El abuso de poder para prostituir alféreces es apenas la punta del iceberg en la degradación de la Policía, otro de cuyos expedientes deshonrosos la vincula con el narcotráfico. Pero la corrupción es, a su turno, sólo uno de los componentes que postran a esa institución en su peor crisis. Como la ausencia de toda vigilancia externa e independiente; y el abandono de su originaria condición civil para derivar en cuerpo armado de corte militar, a la manera del Ejército. Al punto que desprotegió la Policía al ciudadano, para darse a la guerra. Y transformó la solidaridad de cuerpo en encubrimiento generalizado de irregularidades, delitos y hasta asesinatos. Como el presumible de la cadete Lina Zapata en la Escuela General Santander, porque “sabía demasiado” sobre la Comunidad del Anillo, organización que el propio general Palomino habría tolerado. Para no mencionar el enriquecimiento ilícito del que se le sindica también.

Como si no bastara con la deshonra que mandos suyos le han infligido a la institución, la inminencia del posconflicto empieza a desnudar rivalidades entre el Ejército y la Policía. Si volviera ésta por sus fueros de cuna –seguridad ciudadana y lucha contra el crimen–; y si aquel se contrajera a los suyos –defensa del Estado y de las fronteras– pronto veríamos restablecerse la deseable división de funciones entre fuerzas que se había perdido. De las Bacrim, organización criminal del narcotráfico que opera en 491 municipios, se encargaría la Policía. Por el ELN, único remanente de insurgencia si no se allanara a la paz; y por una improbable guerra con Venezuela respondería el Ejército: poca cosa para tanto presupuesto y tantos hombres. He aquí una consecuencia del replanteamiento en doctrina y organización que la crisis y el posconflicto le demandan a la Policía Nacional.
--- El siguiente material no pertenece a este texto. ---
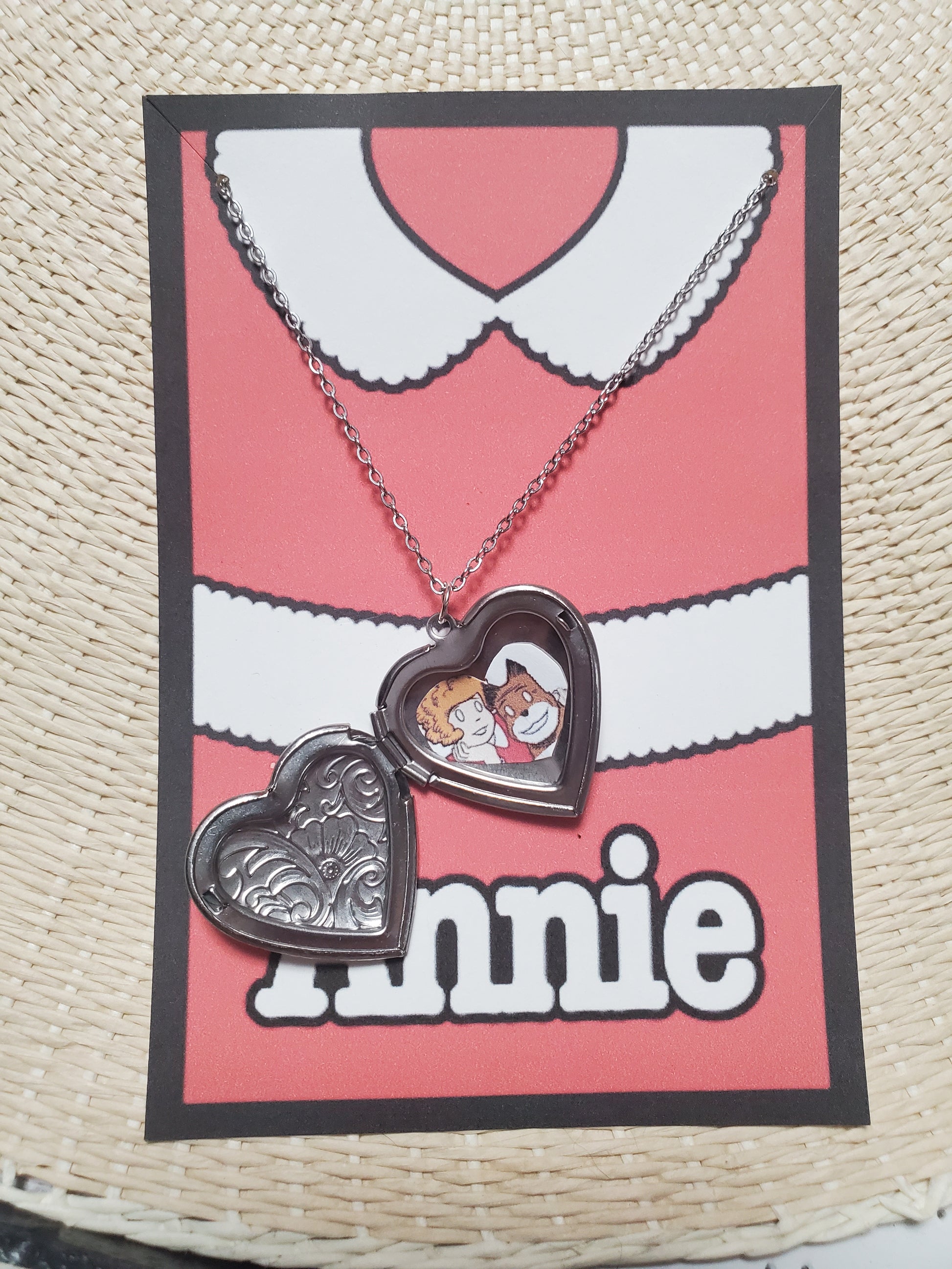 Das Medaillon lässt sich öffnen und enthält eine „Platzhalter“-Grafik von Annie und Sandy. Sie lässt sich leicht entfernen, sodass Sie sie durch ein eigenes, wertvolles Foto ersetzen können.

Hoy cobra vigencia renovada  estudio de la Comisión para la reestructuración de la Policía, creada en 1993, y cuyas directrices reconstruye su coautor Álvaro Camacho (Violencia y conflicto en Colombia, Obra selecta, Univ. del Valle y de Los Andes). La comisión propende a devolverle a la Policía su carácter civil; a desprenderla de las Fuerzas Militares y del ministerio de Defensa; a eximirla de la lucha contrainsurgente y concentrarla en seguridad ciudadana; a despojarla del perfil militar que la incita a violar los derechos humanos y la aleja de la ciudadanía, en un país donde la permanente alteración del orden público convirtió a la Policía en agente de represión política.

Para Camacho, en la ambigüedad entre defensa del Estado y seguridad ciudadana terminó ésta avasallada por la guerra contrainsurgente, en la que proliferaron alianzas de policías con paramilitares que oficiaban como contraparte de la guerrilla. Resultó así la Policía involucrada en el conflicto armado, más allá de su función como agente del orden público. El Plan Colombia fundió en uno el ataque al narcotráfico y a la guerrilla: las Farc condensaron ambos objetivos.

Pero ahora, desaparecido el grupo armado, deberá la Policía sacudirse cometidos que la desnaturalizan. Además, si la paz ha de ser territorial, que se pliegue a la autoridad civil en las localidades, como lo ordena la Constitución. Y que se someta, como toda institución en una democracia, a control y vigilancia civil y ciudadana. El solo control interno, liviano y de yo con yo, ha probado su perversidad: casi siempre terminó por alimentar complicidades non-sanctas. Llegue pronto el día en que la ominosa Comunidad del Anillo y la noticia recurrente de policías sorprendidos en tráfico de cocaína sean vergüenzas del pasado. El día  en que la protección del ciudadano prevalezca sobre la guerra. Colombia lo reclama.